Problem description
All of the listing is to be written out word for word, with the pictures left out.

::: Data

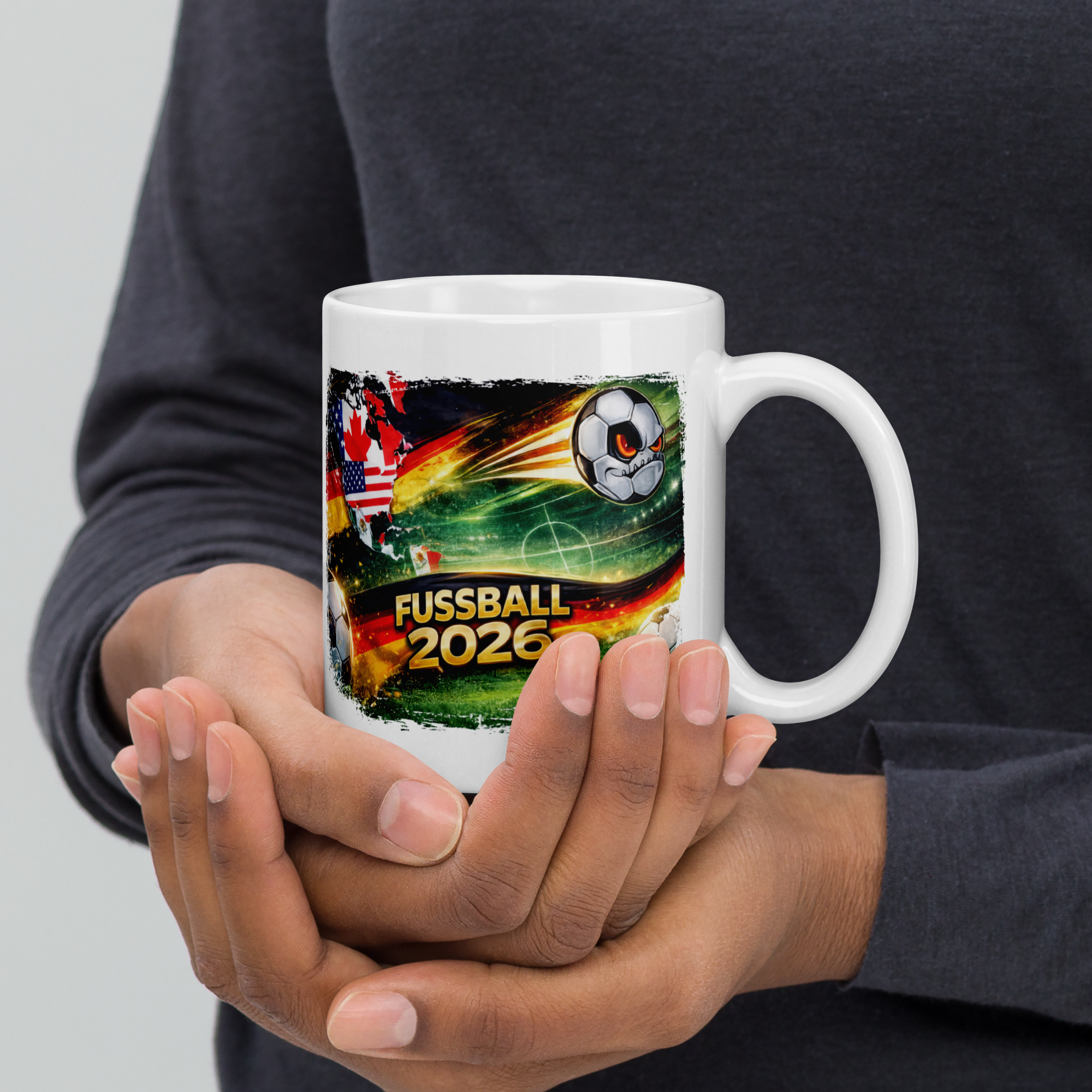 Das moderne Motiv verbindet Fußball-Atmosphäre mit internationalen Einflüssen aus Amerika, Kanada und Deutschland. So wird aus Kaffee, Tee oder Kakao ein Ritual, das an Fanabende, Public Viewing und die Saison 2026 erinnert. Die Tasse liegt angenehm in der Hand und passt genauso gut ins Büro wie nach Hause auf den Couchtisch.
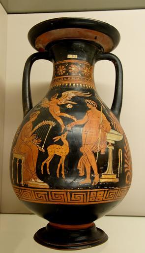 | Keywords: Pelike fawn BM F315.jpg Psalterion 001 jpg British Museum Tarrytown Group A woman holding a harp Eros and a youth with a fawn Apulian red-figured pelike ca 320 “310 BC From Anzi Femme tenant une harpe Éros et un jeune homme au faon Pélikè apulien à figures rouges vers 320-310 av J -C Provenance Anzi credit line Former collection of Antoine-Edme Durand accession number GR 1836 2-24 142 Cat Vases F 315 Upper floor room 73 The Greeks in Southern Italy Jastrow 2006 Eros in ancient Greek pottery Apulian red-figure pottery Ancient Greek pottery in the British Museum Durand Collection Pelikai Tarrytown Group Harps in art Room 73 British Museum |
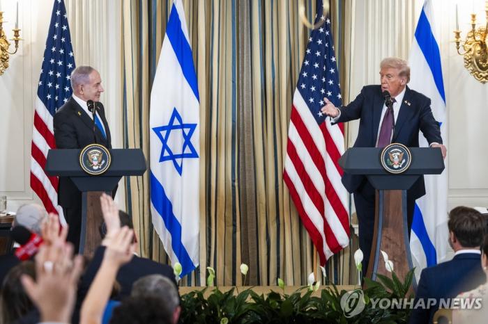 29일(현지시간) 미국 백악관에서 기자회견을 하고 있는 트럼프 대통령과 네타냐후 이스라엘 총리도널드 트럼프 미국 대통령이 베냐민 네타냐후 이스라엘 총리와 공동으로 팔레스타인 무장정파 하마스에 최후…

::::::

Finished task
 Das moderne Motiv verbindet Fußball-Atmosphäre mit internationalen Einflüssen aus Amerika, Kanada und Deutschland. So wird aus Kaffee, Tee oder Kakao ein Ritual, das an Fanabende, Public Viewing und die Saison 2026 erinnert. Die Tasse liegt angenehm in der Hand und passt genauso gut ins Büro wie nach Hause auf den Couchtisch.
 | Keywords: Pelike fawn BM F315.jpg Psalterion 001 jpg British Museum Tarrytown Group A woman holding a harp Eros and a youth with a fawn Apulian red-figured pelike ca 320 “310 BC From Anzi Femme tenant une harpe Éros et un jeune homme au faon Pélikè apulien à figures rouges vers 320-310 av J -C Provenance Anzi credit line Former collection of Antoine-Edme Durand accession number GR 1836 2-24 142 Cat Vases F 315 Upper floor room 73 The Greeks in Southern Italy Jastrow 2006 Eros in ancient Greek pottery Apulian red-figure pottery Ancient Greek pottery in the British Museum Durand Collection Pelikai Tarrytown Group Harps in art Room 73 British Museum |
 29일(현지시간) 미국 백악관에서 기자회견을 하고 있는 트럼프 대통령과 네타냐후 이스라엘 총리도널드 트럼프 미국 대통령이 베냐민 네타냐후 이스라엘 총리와 공동으로 팔레스타인 무장정파 하마스에 최후…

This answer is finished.